James Richard Tracy (born 1970) is an American author, poet and activist living in Oakland, California. He is the co-author (with Amy Sonnie) of Hillbilly Nationalists, Urban Race Rebels and Black Power: Community Organizing in Radical Times (Melville House Publishers 2012).

Early life

Tracy was born in Oakland, California in 1970. His family moved shortly thereafter to Vallejo, California. His father was a kindergarten teacher in the Richmond Unified School District. His mother worked a variety of jobs in the social work field. Tracy has two younger brothers.
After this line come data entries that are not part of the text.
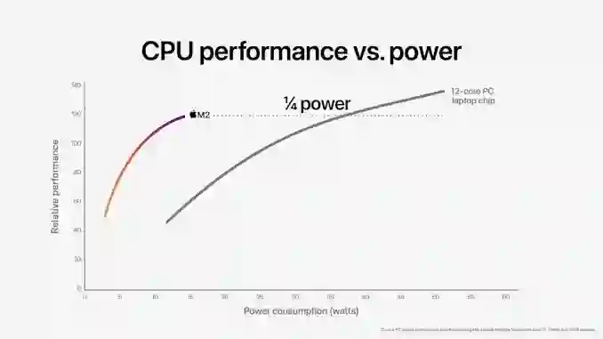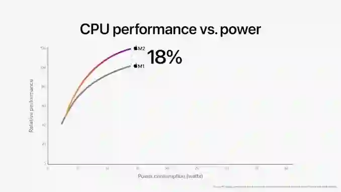 苹果还声称同功率下 M2 的性能是配备 16GB 内存的 10 核英特尔酷睿 i7-1255U 处理器的 1.9 倍。
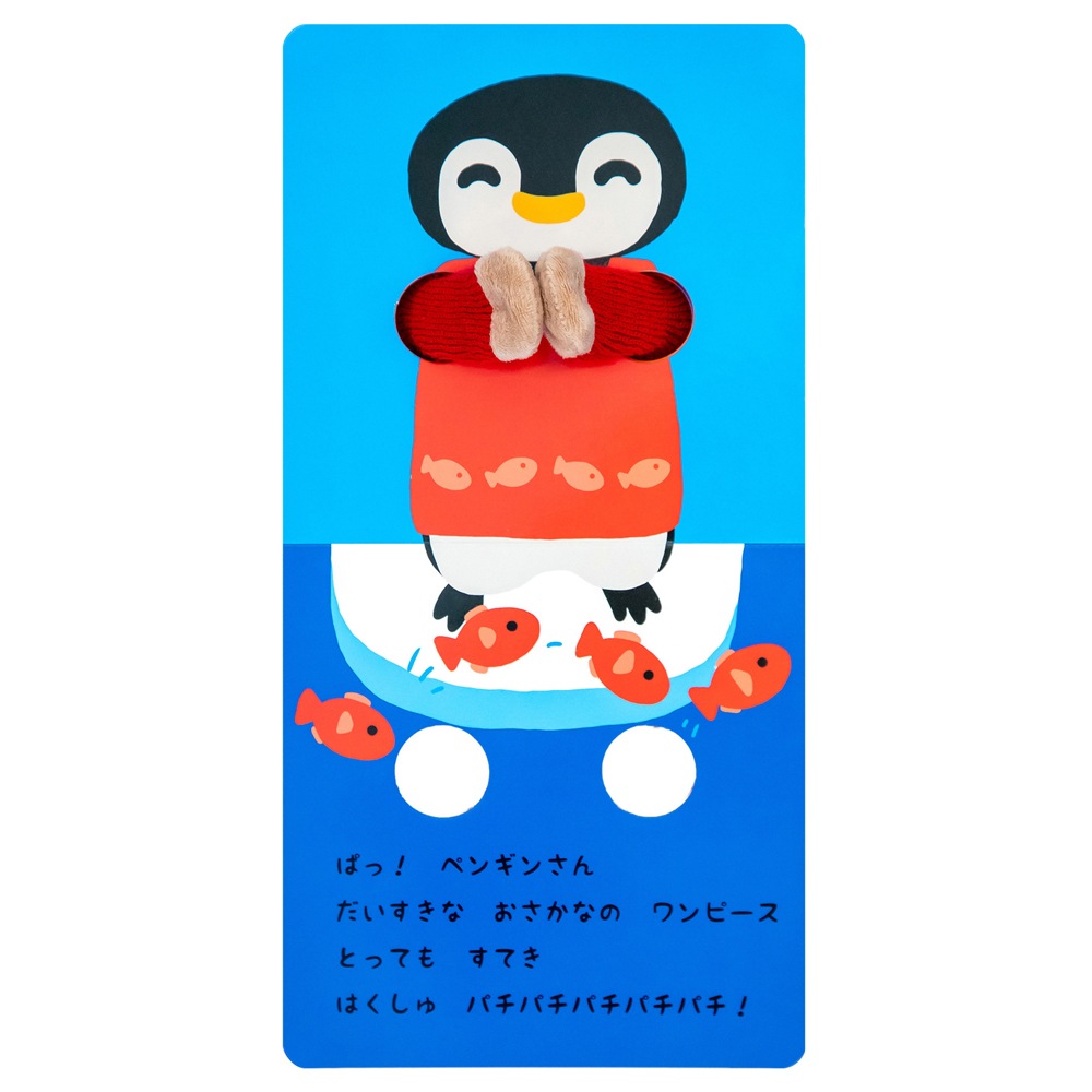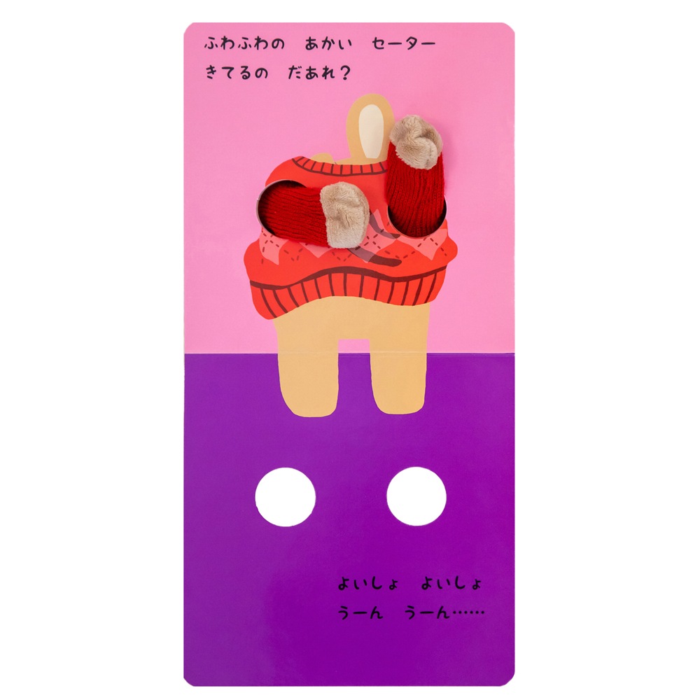 手を動かしながら読み進め、「あかいセーターきてるのだあれ?」「うさぎさん!」と、おきがえしている動物たちをあてっこしましょう。上手にきがえられると、動物たちがおどったり、拍手したり、ハグしたり、かわいいアクションで喜びます。
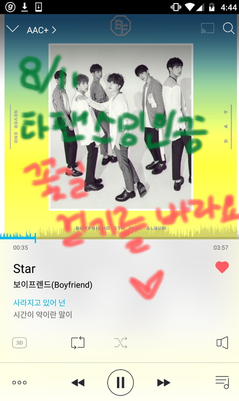 안녕하세요:) 타팬입니다! 지난번에 ㅇㅌ에서 신곡 나온다는 글 보고 말씀드렸던대로 스밍인증하러 왔습니다. 보이프렌드분들
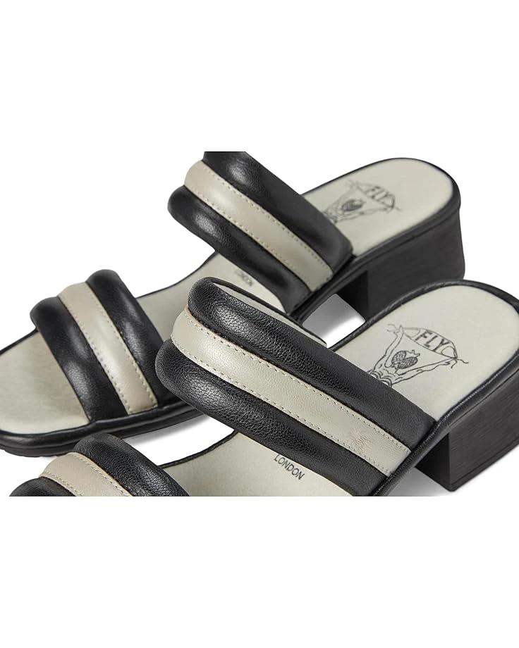 - The stitch-down construction of the FLY LONDON® EITY580FLY sandals allows for great flexibility. These heeled sandals are made of a foam insole and polyester lining. The soft leather upper is beautiful and the heel-to-toe padded insole, rounded toe shape, and flexible rubber outsole add comfort to your feet.
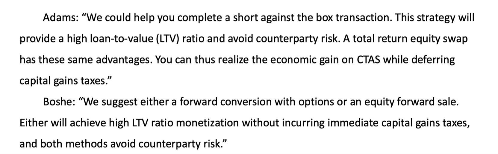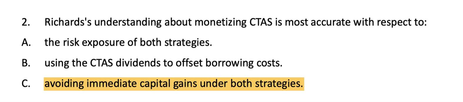 case3 Q2 我觉得选项C不对。cashless collar里short call会有capital gain tax on premium的,此外,short sell+持有股票属于market neutral,而cashless collar由于是股票中心策略,还保留着exposure,或者说beta to stock,这种说法是否正确?
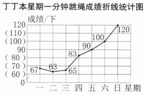 答:丁丁的跳绳成绩总体呈上升趋势。
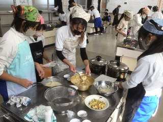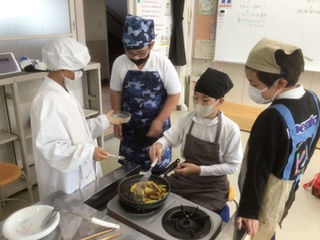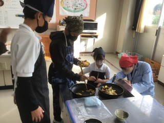 6年生 サツマイモを使って(1組 11月12日) 公開日 2025/11/12 更新日 2025/11/12 各学年から 2組に続いて、1組も実習です。メニューは大学いも、蒸しパン、スイートポテトなどです。美味しそうな匂いが漂っています。 6年 特別支援学級
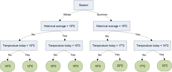 Random forests Random forests are among the best out-of-the-box methods highly valued by developers and data scientists. For better understanding of the process, an imaginary weather forecast problem might be considered, represented by the following true decision tree:
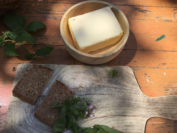 Neben einer kleinen Kräuterwanderung färbten wir am Feuer den Umhang für unsere Königskinder, den sie dann bei der Verabschiedung aus dem Kindergarten, dem „Rosentörlein“ tragen werden. Die Färbung geht mit einem Seidentuch sehr unkompliziert und das goldenen Gelb das entsteht ist so wunderbar, vielleicht möchte es der ein oder andere auch gerne versuchen.-
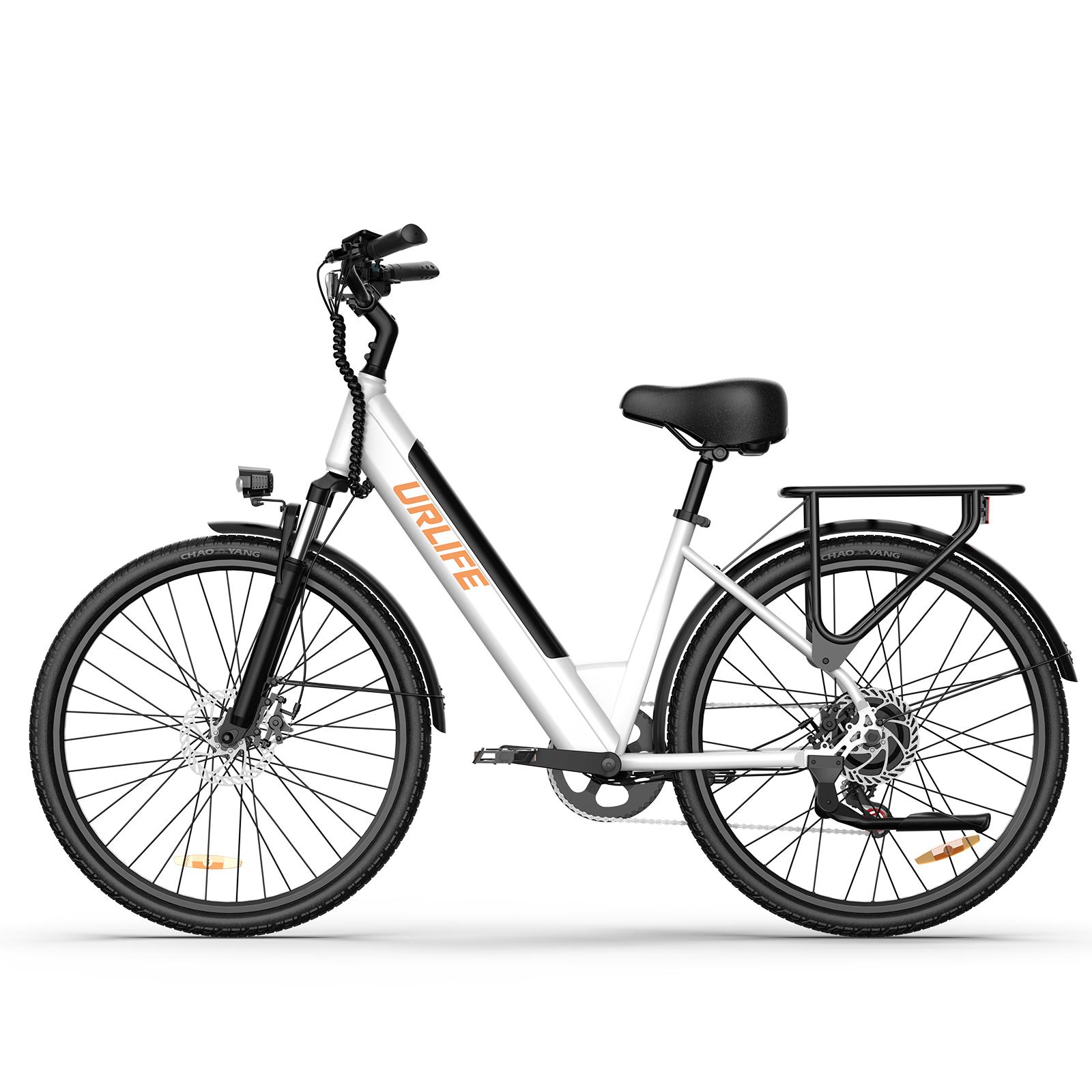 URLIFE E26 City Pendling E-cykel För Unisex 48V10.4AH/36V13Ah Batteri 350W Motor Utomhus Elcykel 26 Tum Vägdäck Elcykel Med TowSeat vit
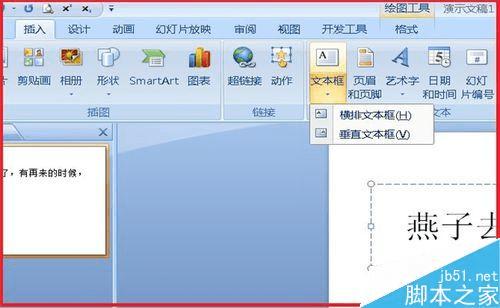 2、找到插入,单击一下,找到文本框单击一下,在文本框中输入要需要改变颜色的文字。保持和原来输入文字的字号字体。
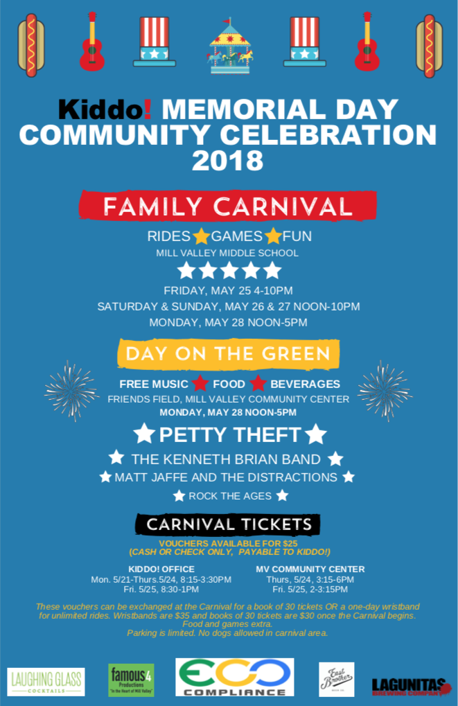 Carnival hours will be Friday, May 25, 4 to 10 pm; Saturday and Sunday May 26 and 27, noon to 10 pm; and Monday, May 28, noon to 5 pm. The Day on the Green will feature free music – and food and beverages for purchase – on Monday, May 28 after the Mill Valley Memorial Day Parade is over. Drop all your troubles by the riverside and come on by!

Tracy credits several formative events in shaping his early political outlook. His first job was as a paper delivery person for the Vallejo Independent Press, a worker-owned newspaper founded by striking newspaper workers. This introduced the idea of worker self-management to him. In early 1989, the presence of Neo-Nazi organizers in Vallejo helped him form an anti-racist commitment.

Housing organizing
In 1992, Tracy co-founded the Eviction Defense Network (EDN) an organization which utilized direct action to prevent evictions.  The EDN was invited to work alongside public housing residents organizing for the right-of-return in the federal HOPE VI program. Subsequently, he was a member of the Coalition On Homelessness, Mission Agenda, and the Mission Anti-Displacement Coalition.

Published work
 The Civil Disobedience Handbook: A Brief History and Practical Guide for the Politically Disenchanted  (Manic D Press, 2001)
  The Military Draft Handbook: A Brief History and Practical Guide for the Curious and Confused  (Manic D Press, 2005)
  Molotov Mouths Outspoken Word Troupe: Explosive New Writing  (Manic D Press, 2003)
  Avanti Popolo: Italian Americans Sail Beyond Columbus  (co-editor) (Manic D Press, 2008)
  Sparks and Codes (Civil Defense Poetry, 2007)
  Hillbilly Nationalists, Urban Race Rebels and Black Power: Community Organizing in Radical Times  (Melville House Publishers, 2012)
  Dispatches Against Displacement: Field Notes From San Francisco's Housing Wars  (AK Press, 2014)
 No Fascist USA!: The John Brown Anti-Klan Committee and Lessons for Today’s Movements (co-authored with Hilary Moore) (City Lights Publishers, 2020)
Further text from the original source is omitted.